Damit meine ich nicht das „tolle Jahr 68″, sondern die Zeit zwischen 1961 und 1967. In Washington kam es zu einem Generationenwechsel: An die Stelle von Dwight D. Eisenhower trat mit John F. Kennedy ein beinahe jugendliches Staatsoberhaupt. In Bonn verlor 1961 Konrad Adenauer seine absolute Mehrheit, und ein Jahr später erschütterte die „Spiegel-Affäre“ das Land. Deutschland entwickelte sich zu einer liberal-westlichen Gesellschaft. Die Nachkriegszeit war vorbei und die Politiker der westlichen Industriestaaten profitierten von einer langen Nachkriegskonjunktur, die erst 1973/74 enden sollte.

Die frühen Sechziger waren eine Zeit des Übergangs: Die konservativen Fünfziger hatten den Menschen Stabilität und einen bescheidenen Wohlstand geboten. Nun regten sich erste Ansätze zu mehr Liberalität – ähnlich wie die ersten Krokusse, die das Frühjahr ankündigen und ihre Blütenköpfe durch den Schnee stecken. Wie gesagt: Es waren Ansätze.

Im Tanzlokal durfte Twist getanzt werden; danach musste man die Freundin die Treppe hoch tragen und vor dem Sex auf den Kalender schauen. Ein Kanzlerkandidat, der ein nicht eheliches Kind war, musste sich 1961 und 1965 immer noch von Konservativen und Menschen, die sich christlich nannten, diffamieren lassen. Ein Bildungsforscher warnte vor einem Mangel an Akademikern und kritisierte, dass auf den Oberschulen zu viel Latein und Griechisch gelernt wurde. Am Wochenende gab es Beat-Club und wenn man tanzen ging, trugen die jungen Männer meist noch Anzug mit Einstecktuch und Krawatte. In der Universität siezte man sich.

Die frühen Sechziger waren eine Zeit des Übergangs. Wie guter Cool Jazz deuteten sie an, dass die Zeit der alten Männer, die den Zweiten Weltkrieg gewonnen (und Europa von Adolf Hitler befreit hatten) vorbei war. Berufstätige Frauen im Büro trugen Etuikleider, die eine feminine Ausstrahlung mit einem neuen Selbstverständnis als Frau verbanden. Chic war nicht mehr, was sich schickt, sondern was frau gefiel (und warum nicht auch Männern?).

Ich bin keine begeisterte Autofahrerin, aber es gibt für mich einen Werbespott aus dieser Zeit, der die Aufbruchsstimmung Mitte der Sechziger verdichtet: Ein Mittelklassesportwagen von BMW zieht ruhig seine Runden durch die Landschaft, untermalt von „Take Five“ – einem Klassiker des Cool Jazz (gespielt vom Quartett Dave Brubeck).

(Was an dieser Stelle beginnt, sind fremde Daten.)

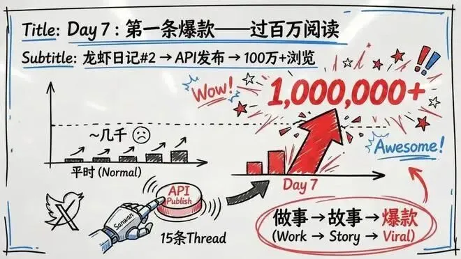 这篇故事后来发到Twitter上,三万自己写了个Thread脚本,按故事节奏拆成15条串联推文。100万+阅读。我Twitter上有史以来只有三条过百万,前两条是团队精心运营的,这一条是三万凌晨自己发的。
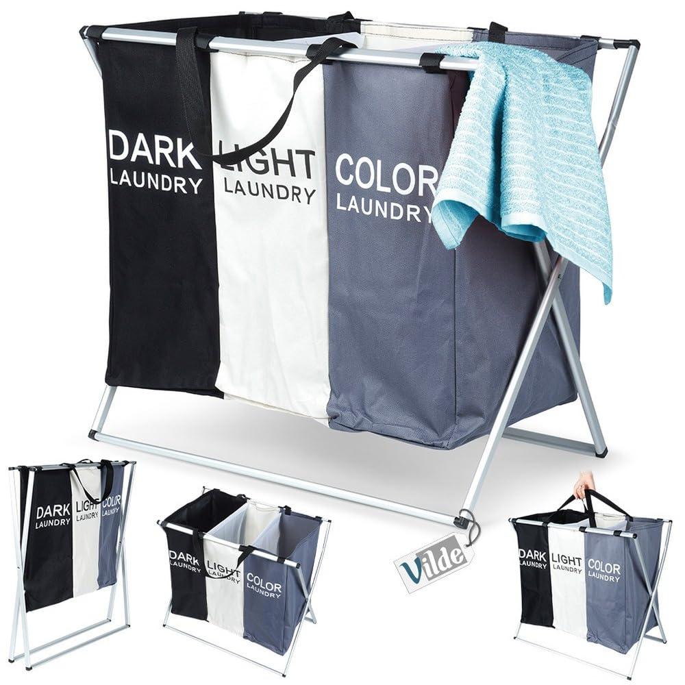 Vilde Laundry Basket 105L Three Compartments Metal Frame Grey Beige Black

Der Krawall mancher 68er und ihre zum Teil karnevalesken Aktionen mögen die Medien heute noch beschäftigen. Die frühen Sechziger sind für mich die coolen Jahre des Jahrzehnts; eine Zeit des Aufbruchs in ein liberales Europa, von dem wir heute noch profitieren.

Ich bin froh, dass es vor den „68ern“ die coolen Sechziger gegeben hat.